# Before You Replace Your Toyota's Clutch Master/Slave Cylinder



## Carolina Rebel (Aug 25, 2005)

Check for cracks in the clutch pedal bracket in the floor board! My '90 4Runner (so this applies to all '90-'95 models, and maybe earlier models too) acted like either the master or slave cylinder was going out, clutch wouldn't fully disengage. After changing those out with no improvement, I started digging and realized the clutch pedal's bracket was flexing when I pressed the clutch in. This was depriving the pedal of a precious inch or so of movement, although clutch pressure and travel seemed perfectly normal. After doing a little digging, it seems this is a common problem, and it can be fixed by either replacing the part with the new and improved version ($170, why Toyota didn't do a recall on this I don't know) or you can get the crack welded and reinforced for a little cheaper.
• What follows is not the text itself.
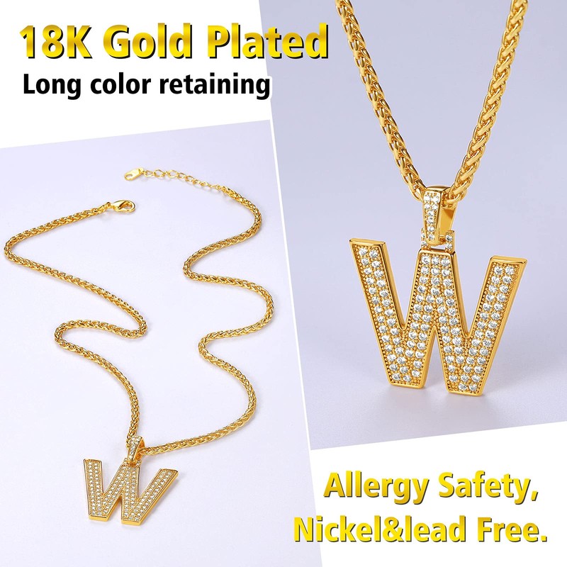 - 😎【Material】 Made of high quality 18K gold plated on brass with excellent polishing and electroplating craftsmanship, which will make it look gorgeous and sparkling. The wheat chain is made of stianless steel with 18k gold plated. Our letter pendant necklace is nickel free, lead free, allergy free to skin and will not break, tarnish, fade easily.

The crack will be in the back corner of the bracket, just behind and to the left of the clutch's pivot point. Bracket is a cinch to remove too, just make sure you remove the clutch and brake clevises from the master cylinder rods, or else that bracket will never come out of there--I know!


----------



## justinfisch01 (Feb 19, 2006)

a precious inch or so of movement


What I wouldn't give for another inch... sorry


----------